Recent college graduates looking to pay off student loans and impulsive shop-a-holics holding mountains of credit card debt are not the only people who need a lesson on personal finance.
Nancy Headrick, assistant commissioner of the Division of Career Education in the Department of Elementary and Secondary Education, said high school students who are opening checking accounts with money from part-time jobs also need help managing their money. Fortunately, the state now requires all high school students, beginning with this year’s freshmen class, to take a half-unit course in personal finance before graduation.
The course, which will be offered to 10th-, 11th- and 12th-graders in all Missouri public high schools, has been organized into four information areas: income and taxes, money management, spending and credit, and saving and investing.
While it may seem logical that personal finance courses are taught as part of math curricula, Chip Sharp, the Columbia Public School District’s math coordinator for secondary education, said that adding another half-credit not tied to a particular course sequence was not realistic. Therefore, business programs in Columbia high schools will incorporate this course into their curricula.
This makes sense, according to David Heath, the district’s practical arts coordinator.
The district has had classes in the past that hit on many of the above topics, said Heath. However, those courses were probably just a bit more thorough and included more of a focus on being a wiser buyer, he said.

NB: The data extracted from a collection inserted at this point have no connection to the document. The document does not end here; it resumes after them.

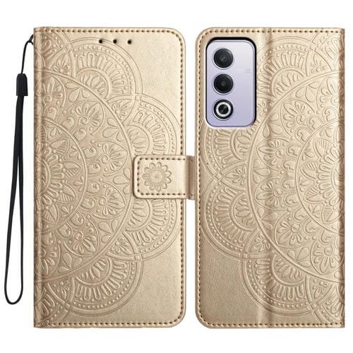 Funda de Cuero con Relieve Floral para Oppo A3 Pro 5G (Dorada)
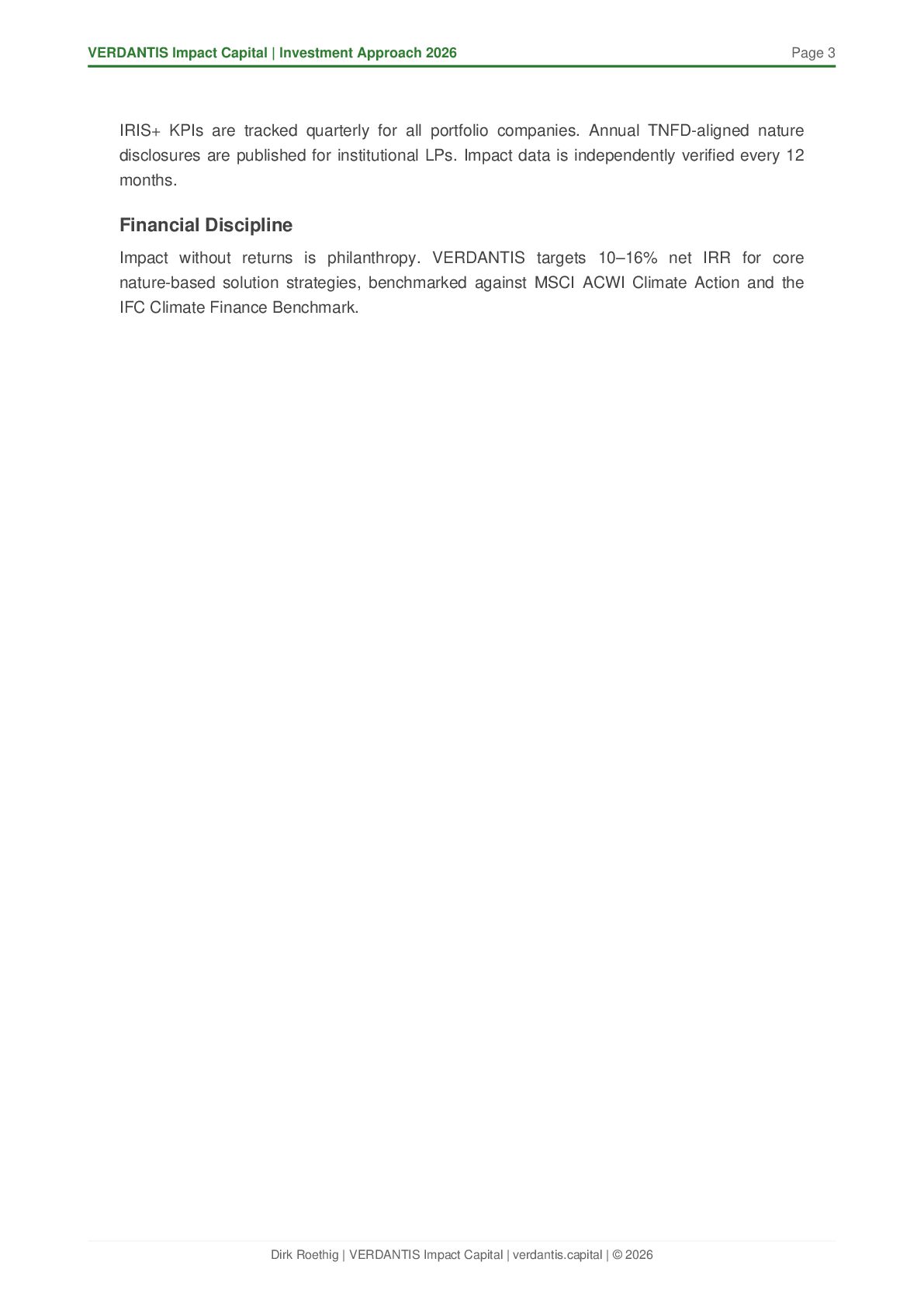 Roethig | VERDANTIS Impact Capital | verdantis.capital | © 2026 IRIS+ KPIs are tracked quarterly for all portfolio companies. Annual TNFD-aligned nature disclosures are published for institutional LPs. Impact data is independently verified every 12 months. Financial Discipline Impact without returns is philanthropy. VERDANTIS targets 10–16% net IRR for core nature-based solution strategies, benchmarked against MSCI ACWI Climate Action and the IFC Climate Finance Benchmark.
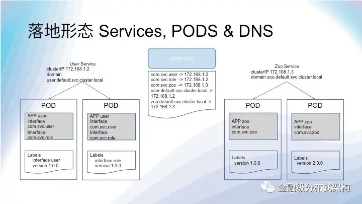 服务将会被按照接口维度创建,接口的版本和名字会反应在 POD 的 Label 上,这样做会增加运维的工作量,但是可以通过 PasS 平台提供的工具解决这个痛点。这里面一个隐含的要求是,一个 POD 只会提供一个接口的服务,推动业务走向 Kubernetes Native。
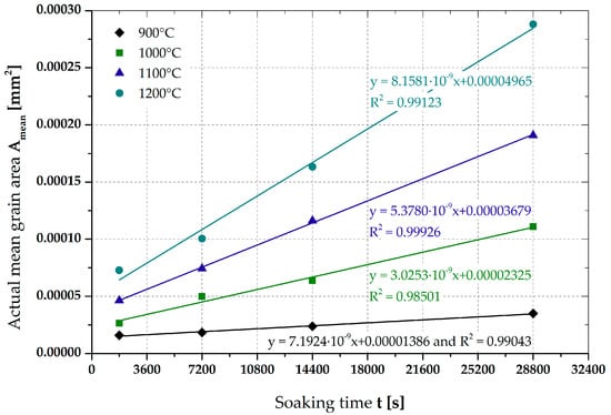 The way to obtain values D0 and KT is shown in Figure 3. The graph shows, for the individual temperatures of the experiment, the average mean values of grain size (Table 2) obtained experimentally or, more precisely, their second squares representing the mean grain areas. Each of the exposure temperatures in the graph is expressed by a trend line and its equation. From the slope of the trend line, it is then possible to deduct the value of each partial exponential constant KT as well as the initial grain size D0.
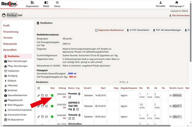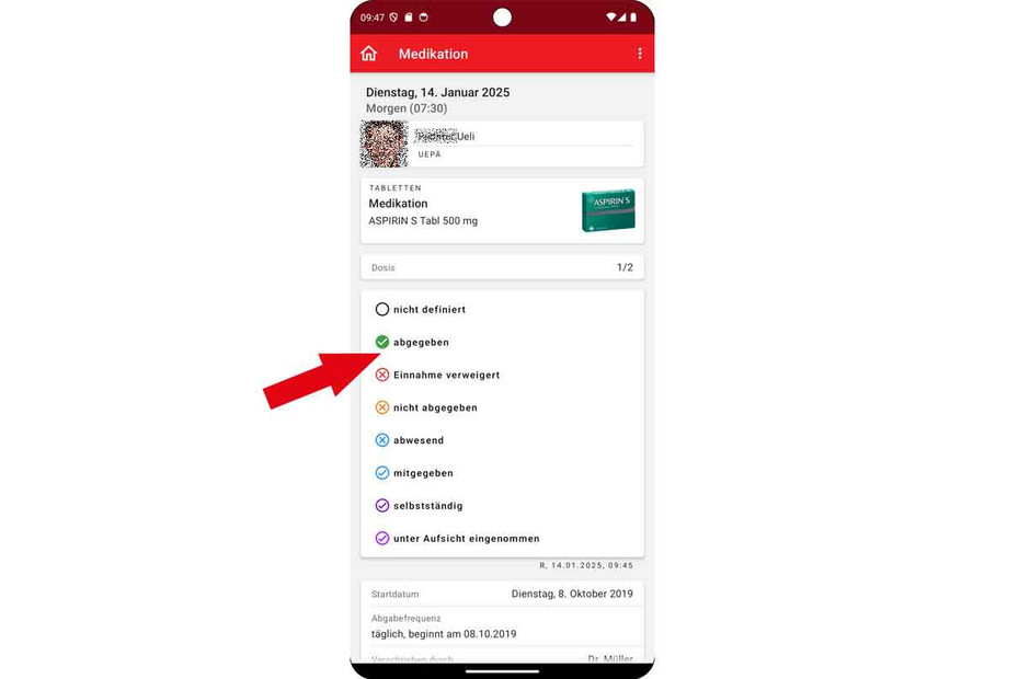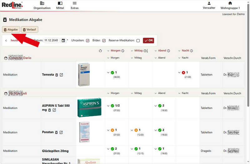Die Abgabe eines Medikaments kann differenziert dokumentiert werden. grün = abgegeben, rot = verweigert.

When the state Board of Education announced the subject material included in the personal finance courses, teachers in Columbia started looking at how those subjects fit into what they are already teaching.
“We started looking at what things we needed to pull out of our courses because they were already a year long,” Heath said. “We also looked into how we could work in what the state wanted.”
Headrick said that learning money management skills early in life is important, especially considering the amount of debt that college students are incurring. The debt isn’t necessarily related to the cost of college, Headrick said, but seems to be related to credit card issues.
“I think we need to make sure that we’re preparing students who know how to manage money, how to spend and use credit wisely and how to save and invest,” she said.
Heath seconds Headrick’s concerns about credit card debt. He said the district will be enhancing and perfecting the personal finance course so that it is as exciting as possible before it goes into effect — probably in the 2008-09 school year.
“The more they’re engaged, the more they will remember it and apply it to their lives,” Heath said. “We’re trying to find out ways to make them remember these things so that when they graduate from high school they won’t end up in debt.”